New Millennium Village Site Aims to Improve Lives of 30,000 in Ghana
ACCRA, Ghana, 28 August 2012
A new Millennium Village to help 30,000 poor villagers to escape poverty in northern Ghana has been launched today with support from the Governments of the United Kingdom and Ghana.
The new Millennium Village site will include communities in some of the poorest sections of the West-Mamprusi and Builsa Districts of northern Ghana.
The effort includes a ten-year independent evaluation of the project, which will examine the various impacts of the project and help to provide evidence on the most effective ways of improving the lives of some of the world’s poorest people.
Development in northern Ghana lags behind the rest of the country. While the number of people living in poverty in southern Ghana has decreased by 2.5 million over the past 20 years, it has increased in the north by almost 1 million with the majority of people living below the poverty line.
The Millennium Villages Project seeks to help rural communities in Africa fight poverty, hunger, and disease, by improving health systems, fighting hunger and malnutrition, and promoting business development, with the aim of helping the communities achieve the Millennium Development Goals.
In addition, Britain’s Department for International Development will also provide assistance to support the Government of Ghana and civil society’s engagement with the project, and to promote substantive discussion and analysis of the evaluation reports.
The findings of the evaluation will make a major contribution to the growing knowledge-base of best practices in development and to increasing the effectiveness of efforts to reduce extreme poverty.
President John Mahama of Ghana, UK International Development Secretary Andrew Mitchell, director of the Earth Institute at Columbia University Jeffrey Sachs, and other representatives from the Government of Ghana formally launched the Millennium Village in northern Ghana today.
“Donor assistance should be utilized in the most effective ways possible,” said Sachs. “The Millennium Villages Project aims to deliver rapid progress towards the Millennium Development Goals through investments spanning agriculture, health, education, infrastructure, and business development.

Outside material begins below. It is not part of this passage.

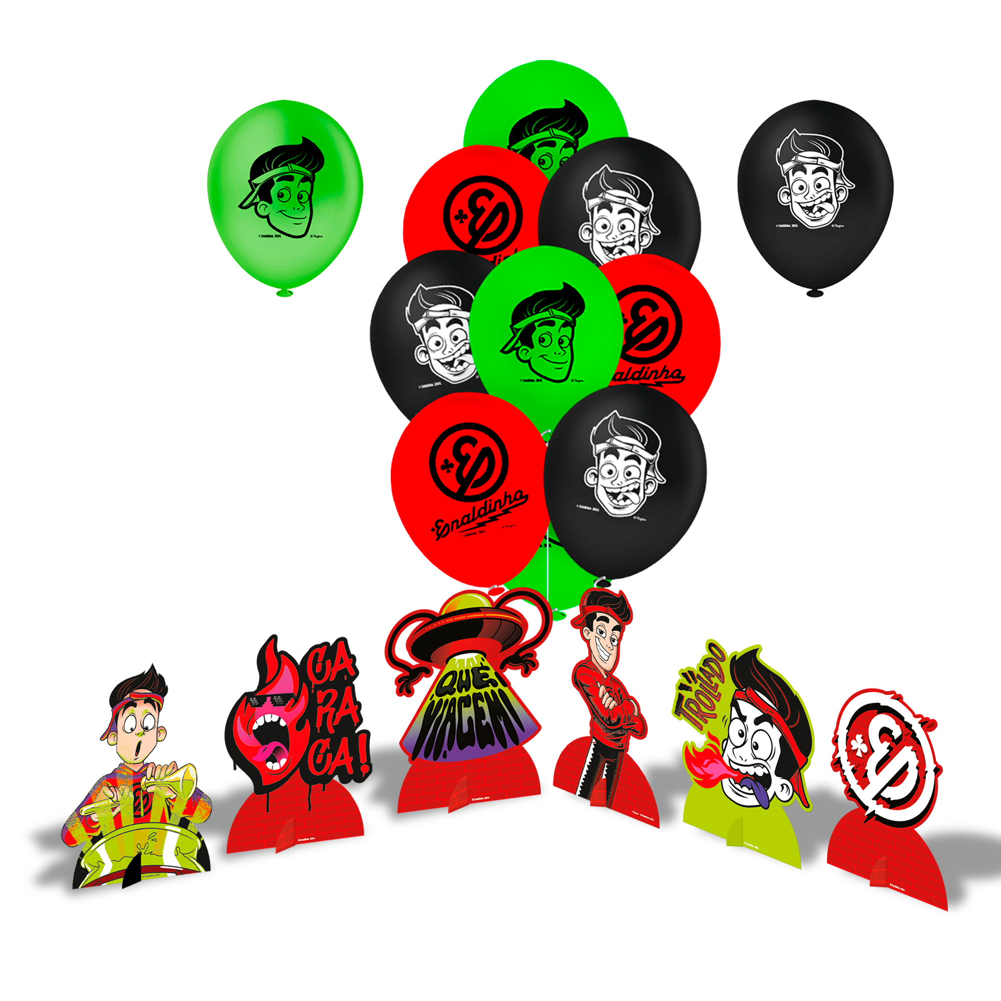 Leve a energia e diversão do Enaldinho para a sua festa com esse kit decorativo completo! Ideal para fãs do youtuber, o conjunto inclui balões personalizados e displays temáticos para montar uma mesa super animada.

Moreover it can provide a useful framework for national policy makers, and therefore aims to benefit host countries far beyond the Millennium Villages themselves. My colleagues and I are deeply grateful for the UK’s far-sighted assistance efforts. Those strong efforts are admired worldwide.”
Speaking at the launch of the new project, Britain’s International Development Secretary Andrew Mitchell said: “Britain is determined to help Ghana end its reliance on aid and pull itself out of poverty for good.

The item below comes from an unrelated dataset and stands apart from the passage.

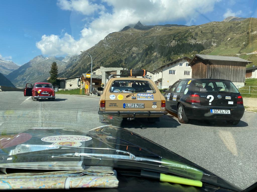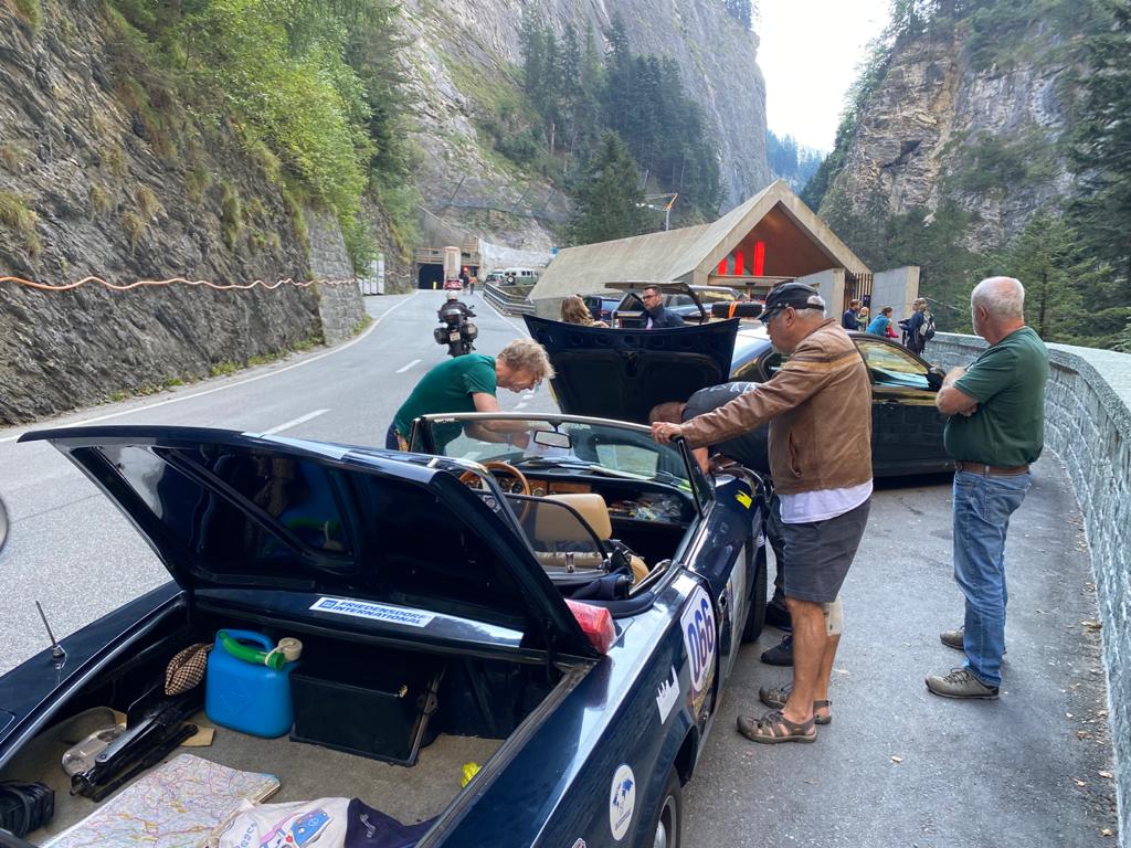 Was kann schöner sein, als eine Panne an der Viamala zu haben? Die Elektrik funktionierte nicht mehr, der Wagen ging aus und wollte nicht mehr anspringen. Es dauerte aber keine zehn Minuten, bis neun Leute aus den Teams bei uns waren und in den Motor schauten. Wir haben sogar eine Konferenzschaltung zu unserer Werkstatt nach Solingen organisiert. Der Wagen sprang dann zwar wieder an, aber das Licht blieb aus und die Fenster oben. Auch die Scheibenwischer funktionieren nicht.

This new Millennium Village aims to improve the health, education and job prospects of thousands of villagers in northern Ghana, kick-starting development in one of the poorest areas. Our independent evaluation of the village will ensure that our aid is spent as efficiently as possible.”?

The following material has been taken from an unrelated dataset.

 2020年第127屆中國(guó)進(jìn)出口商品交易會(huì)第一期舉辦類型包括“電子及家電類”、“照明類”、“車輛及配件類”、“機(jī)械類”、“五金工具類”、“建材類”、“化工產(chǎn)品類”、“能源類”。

The MVP is a comprehensive approach that uses evidence-driven methods and community engagement to reduce extreme poverty. Now directly reaching approximately 500,000 people in 10 countries across sub-Saharan Africa, the project is also supporting national efforts by the governments of Nigeria, Rwanda, and others.
The MVP includes an integrated set of community-led interventions to help achieve the Millennium Development Goals. The project has facilitated improved malaria control, increased farm yields, and increased access to safer water, basic health care, and food security.
The project in Ghana will aim to:
- Increase skilled staff delivering basic health care services — for instance, by aiming to increase the proportion of births attended by skilled health workers
- Remove barriers to family planning services — for instance, by aiming to increase the contraceptive prevalence rate
- Improve income earning opportunities — such as through increased crop yields, better access to financial services, and promoting cooperatives and small enterprises
- Strengthen local institutions and community capacity — to increase involvement by the local community and to ensure the sustainability of results
- Ensure access to quality primary and secondary education, and achieve universal enrollment in primary school
- Increase access to safer water and improved sanitation — for instance, through constructing ventilated pit latrines, drilling wells, and protecting natural springs
- Achieve better connectivity within the site and beyond — for instance, through improved roads, extended access to electricity, and greater mobile phone coverage
Notes to Editors
DFID will provide up to $18.1 million (£11.5 million) over the next 5 years to support the Millennium Villages Project.